Below is a brief overview. To read the study in its entirety and learn more about its authors, please see “Internet Security without Law.”
How ISPs Enforce Security Norms
The Internet consists of about 41,000 autonomous systems of varying size, connected by either commercial arrangements, where one autonomous system pays another for carrying traffic (transit agreements), or arrangements without pricing (peering agreements). Termination of agreements to carry traffic, or “depeering,” is an extremely effective sanction in policing malware because the vast majority of these are informal “handshake” agreements that can be terminated promptly if one party is dissatisfied with the other’s security practices or responsiveness to complaints.
• Of the more than 142,000 agreements that represent 86 percent of the world’s Internet carriers, 99.5 percent are “handshake” agreements.
• Service providers who are willing to tolerate cybercriminals can usually charge higher prices but are subject to the sanction of depeering.

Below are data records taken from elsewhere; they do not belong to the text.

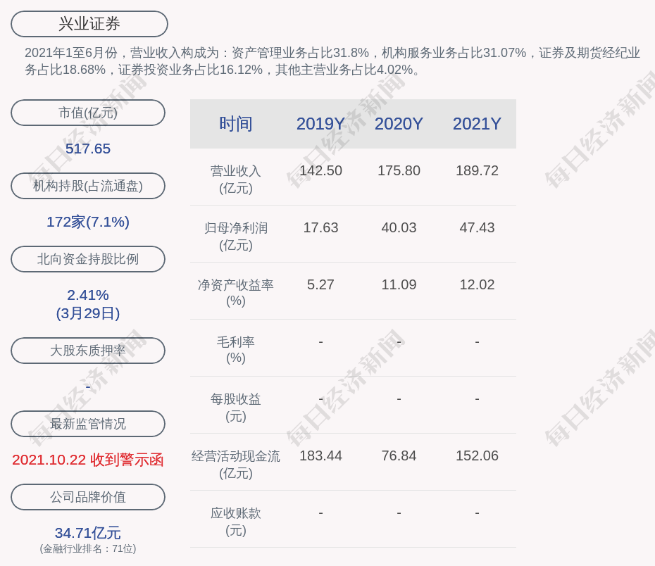 每经AI快讯,兴业证券(SH 601377,收盘价:7.73元)3月30日晚间发布年度业绩报告称,2021年营业收入约189.72亿元,同比增加7.92%;归属于上市公司股东的净利润约47.43亿元,同比增加18.48%;基本每股收益0.7083元,同比增加18.48%。公司不进行利润分配、公积金转增股本。
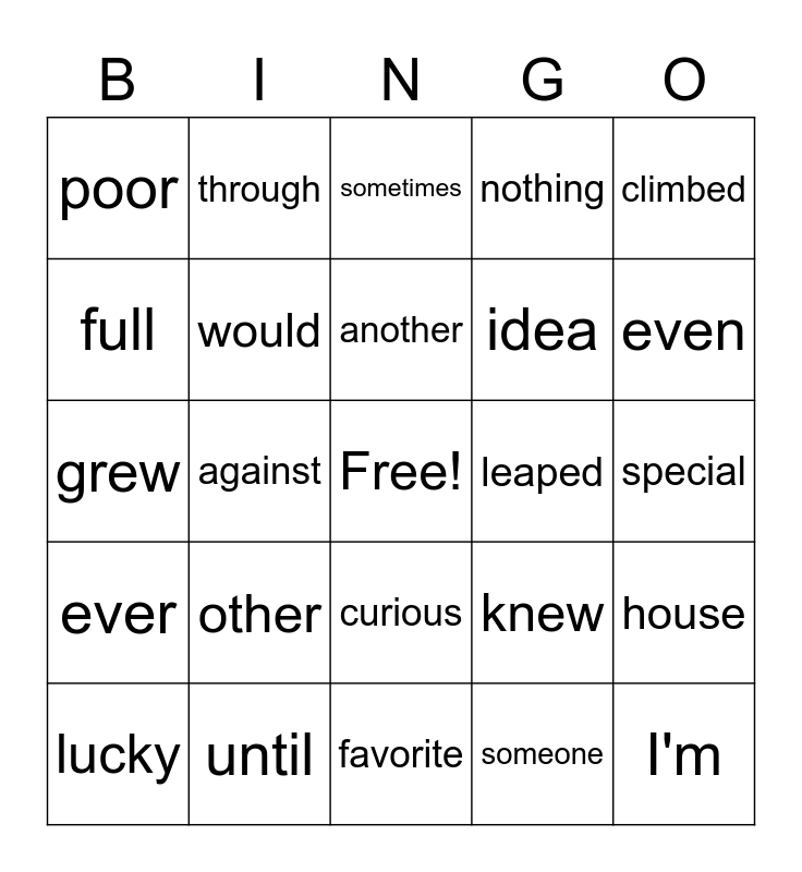 This bingo card has a free space and 24 words: other, until, another, lucky, climbed, poor, full, through, leaped, curious, idea, grew, knew, house, would, someone, special, sometimes, even, against, I'm, ever, nothing and favorite.
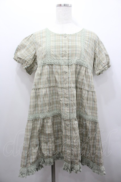 PINK HOUSE / 胸下切替チェック柄半袖チュニック グリーン I-26-02-06-083-LO-BL-SA-ZI
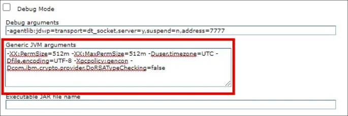 -XX:PermSize Permanent領域の初期値 -XX:MaxPermSize Permanent領域の最大値 -Duser.timezone Javaランタイム システムプロパティのタイムゾーン -Dfile.encoding Javaランタイム システムプロパティのファイルエンコーディング -Xgcpolicy:gencon ガーベッジ・コレクション・ポリシー -Dcom.ibm.crypto.provider.DoRSATypeChecking 秘密鍵による RSA 暗号化および公開鍵による復号化を許可するかどうかを指定します。カスタマーサクセスライセンスを利用する場合は、false を指定してください。下記ではPermanent領域の初期値に512MB、最大値に512MBを設定しています。

• When two major ISPs were presented evidence that a customer was hosting cybercriminals, they severed their agreement swiftly, and global spam levels fell about two- thirds almost instantaneously, and retail fraud plummeted from nearly $250,000 daily to almost zero.

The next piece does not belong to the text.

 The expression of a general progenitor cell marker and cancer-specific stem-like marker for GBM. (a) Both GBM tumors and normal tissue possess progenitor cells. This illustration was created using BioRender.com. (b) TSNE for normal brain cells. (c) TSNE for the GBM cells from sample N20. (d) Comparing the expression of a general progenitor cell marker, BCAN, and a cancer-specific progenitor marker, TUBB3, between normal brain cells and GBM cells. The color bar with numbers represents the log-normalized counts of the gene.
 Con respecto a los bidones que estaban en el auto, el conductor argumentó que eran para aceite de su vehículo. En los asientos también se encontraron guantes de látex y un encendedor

• Even though they are immune from legal liability, ISPs have systems in place to notify their users about malware infections, even though these systems raise costs, suggesting that there is significant enforcement of security norms.
Informal Enforcement Versus Formal Law
While informal enforcement does not create perfect security—which would be cost prohibitive—it likely outperforms a formal legal regime that would hold ISPs liable for damages from a malware attack.
• Informal, at-will arrangements give network operators greater flexibility in determining the appropriate level of care and allow them to respond swiftly in a fast-changing environment than the slower speed of adaption of court-determined standards, which could obsolete very soon. As malware has moved from hosting to a centralized command system to one based on a peer-to-peer design, network operators have adapted quickly, shifting from depeering the host ISP to notifying infected customers.
• Under the informal system, security concerns are addressed promptly. Failure to do so results in equally prompt punishment, such as depeering. This is both faster and less costly than a trial.
• The informal system relies heavily on cooperation between ISPs to be effective. Replacing this cooperative model with the adversarial litigation process would reduce incentives to share information and reduce the security of the Internet.
• The informal system succeeds in securing cooperation globally, whereas securing similar international cooperation across formal legal systems, with all their differences, would be far more difficult.
• Moving to a formal liability system would leave larger ISPs subject to greater exposure and less willing to link to smaller ISPs, and it would undercut the extensive peering that is at the heart of the Internet.
• The informal system eliminates the need to record data streams for use in litigation, with all its attendant costs and privacy concerns.
For as dynamic and innovative an environment as the Internet, robust informal institutions are likely to outperform formal legal institutions, which should therefore be viewed as an arbiter of last resort.